• Dataset records
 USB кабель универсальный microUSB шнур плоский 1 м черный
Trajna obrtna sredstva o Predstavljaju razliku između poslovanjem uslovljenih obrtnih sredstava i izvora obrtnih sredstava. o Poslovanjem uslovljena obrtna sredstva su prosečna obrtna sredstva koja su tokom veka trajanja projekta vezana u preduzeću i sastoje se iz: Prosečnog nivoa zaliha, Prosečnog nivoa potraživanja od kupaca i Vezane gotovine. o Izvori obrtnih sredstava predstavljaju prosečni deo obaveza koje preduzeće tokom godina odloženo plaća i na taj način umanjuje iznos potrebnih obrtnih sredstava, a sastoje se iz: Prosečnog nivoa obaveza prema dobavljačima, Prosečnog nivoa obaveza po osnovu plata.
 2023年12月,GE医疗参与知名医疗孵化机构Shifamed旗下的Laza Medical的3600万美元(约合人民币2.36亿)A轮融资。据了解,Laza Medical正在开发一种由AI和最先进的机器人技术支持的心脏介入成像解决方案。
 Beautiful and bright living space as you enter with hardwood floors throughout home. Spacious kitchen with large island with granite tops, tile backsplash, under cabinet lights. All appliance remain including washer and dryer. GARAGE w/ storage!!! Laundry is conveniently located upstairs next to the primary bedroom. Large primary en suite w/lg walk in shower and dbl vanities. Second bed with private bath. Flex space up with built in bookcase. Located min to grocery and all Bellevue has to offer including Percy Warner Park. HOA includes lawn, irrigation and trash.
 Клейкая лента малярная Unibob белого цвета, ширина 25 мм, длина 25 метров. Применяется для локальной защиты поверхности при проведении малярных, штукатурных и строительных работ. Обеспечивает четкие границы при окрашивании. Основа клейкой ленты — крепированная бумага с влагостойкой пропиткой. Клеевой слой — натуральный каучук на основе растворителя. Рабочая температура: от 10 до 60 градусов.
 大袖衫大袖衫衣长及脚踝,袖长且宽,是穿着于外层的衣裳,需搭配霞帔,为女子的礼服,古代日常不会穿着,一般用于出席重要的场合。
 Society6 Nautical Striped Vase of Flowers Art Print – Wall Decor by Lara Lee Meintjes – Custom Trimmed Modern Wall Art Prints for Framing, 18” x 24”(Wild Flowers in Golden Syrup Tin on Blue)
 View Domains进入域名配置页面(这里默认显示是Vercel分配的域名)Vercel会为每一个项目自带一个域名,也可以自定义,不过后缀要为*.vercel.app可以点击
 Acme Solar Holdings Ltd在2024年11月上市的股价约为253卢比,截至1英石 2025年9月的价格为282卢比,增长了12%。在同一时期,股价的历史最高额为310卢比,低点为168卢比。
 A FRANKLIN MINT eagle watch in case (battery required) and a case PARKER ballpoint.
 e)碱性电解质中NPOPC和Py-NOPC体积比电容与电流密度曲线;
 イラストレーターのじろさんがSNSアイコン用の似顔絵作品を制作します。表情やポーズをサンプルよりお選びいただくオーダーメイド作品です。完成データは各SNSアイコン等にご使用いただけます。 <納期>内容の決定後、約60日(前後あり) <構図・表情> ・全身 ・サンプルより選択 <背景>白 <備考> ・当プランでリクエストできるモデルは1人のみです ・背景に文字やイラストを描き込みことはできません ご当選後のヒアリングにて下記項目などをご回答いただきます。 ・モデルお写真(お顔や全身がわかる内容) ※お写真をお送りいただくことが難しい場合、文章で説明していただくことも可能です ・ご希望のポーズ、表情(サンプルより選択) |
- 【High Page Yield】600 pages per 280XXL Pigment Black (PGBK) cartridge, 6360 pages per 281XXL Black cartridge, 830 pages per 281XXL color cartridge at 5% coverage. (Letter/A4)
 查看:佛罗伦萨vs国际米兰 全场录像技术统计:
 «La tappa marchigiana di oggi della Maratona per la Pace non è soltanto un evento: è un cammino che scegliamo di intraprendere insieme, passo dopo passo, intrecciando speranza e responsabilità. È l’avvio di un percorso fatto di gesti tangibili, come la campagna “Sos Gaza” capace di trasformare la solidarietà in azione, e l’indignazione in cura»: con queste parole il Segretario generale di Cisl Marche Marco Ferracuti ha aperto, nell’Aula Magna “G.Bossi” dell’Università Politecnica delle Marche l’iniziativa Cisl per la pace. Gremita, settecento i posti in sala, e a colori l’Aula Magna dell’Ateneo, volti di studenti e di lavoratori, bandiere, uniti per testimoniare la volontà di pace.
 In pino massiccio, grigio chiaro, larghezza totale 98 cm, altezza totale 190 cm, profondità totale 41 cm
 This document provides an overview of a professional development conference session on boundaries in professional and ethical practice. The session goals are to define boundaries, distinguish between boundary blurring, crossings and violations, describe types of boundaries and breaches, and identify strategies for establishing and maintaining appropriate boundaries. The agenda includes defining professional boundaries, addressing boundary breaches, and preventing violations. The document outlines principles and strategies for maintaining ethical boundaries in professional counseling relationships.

• Work to be completed
Take the line above containing "大袖衫大袖衫衣长及脚踝,袖长", the line containing "In pino massiccio, grigio", and all lines in between, and copy them exactly without anything else.

• Problem solution
 大袖衫大袖衫衣长及脚踝,袖长且宽,是穿着于外层的衣裳,需搭配霞帔,为女子的礼服,古代日常不会穿着,一般用于出席重要的场合。
 Society6 Nautical Striped Vase of Flowers Art Print – Wall Decor by Lara Lee Meintjes – Custom Trimmed Modern Wall Art Prints for Framing, 18” x 24”(Wild Flowers in Golden Syrup Tin on Blue)
 View Domains进入域名配置页面(这里默认显示是Vercel分配的域名)Vercel会为每一个项目自带一个域名,也可以自定义,不过后缀要为*.vercel.app可以点击
 Acme Solar Holdings Ltd在2024年11月上市的股价约为253卢比,截至1英石 2025年9月的价格为282卢比,增长了12%。在同一时期,股价的历史最高额为310卢比,低点为168卢比。
 A FRANKLIN MINT eagle watch in case (battery required) and a case PARKER ballpoint.
 e)碱性电解质中NPOPC和Py-NOPC体积比电容与电流密度曲线;
 イラストレーターのじろさんがSNSアイコン用の似顔絵作品を制作します。表情やポーズをサンプルよりお選びいただくオーダーメイド作品です。完成データは各SNSアイコン等にご使用いただけます。 <納期>内容の決定後、約60日(前後あり) <構図・表情> ・全身 ・サンプルより選択 <背景>白 <備考> ・当プランでリクエストできるモデルは1人のみです ・背景に文字やイラストを描き込みことはできません ご当選後のヒアリングにて下記項目などをご回答いただきます。 ・モデルお写真(お顔や全身がわかる内容) ※お写真をお送りいただくことが難しい場合、文章で説明していただくことも可能です ・ご希望のポーズ、表情(サンプルより選択) |
- 【High Page Yield】600 pages per 280XXL Pigment Black (PGBK) cartridge, 6360 pages per 281XXL Black cartridge, 830 pages per 281XXL color cartridge at 5% coverage. (Letter/A4)
 查看:佛罗伦萨vs国际米兰 全场录像技术统计:
 «La tappa marchigiana di oggi della Maratona per la Pace non è soltanto un evento: è un cammino che scegliamo di intraprendere insieme, passo dopo passo, intrecciando speranza e responsabilità. È l’avvio di un percorso fatto di gesti tangibili, come la campagna “Sos Gaza” capace di trasformare la solidarietà in azione, e l’indignazione in cura»: con queste parole il Segretario generale di Cisl Marche Marco Ferracuti ha aperto, nell’Aula Magna “G.Bossi” dell’Università Politecnica delle Marche l’iniziativa Cisl per la pace. Gremita, settecento i posti in sala, e a colori l’Aula Magna dell’Ateneo, volti di studenti e di lavoratori, bandiere, uniti per testimoniare la volontà di pace.
 In pino massiccio, grigio chiaro, larghezza totale 98 cm, altezza totale 190 cm, profondità totale 41 cm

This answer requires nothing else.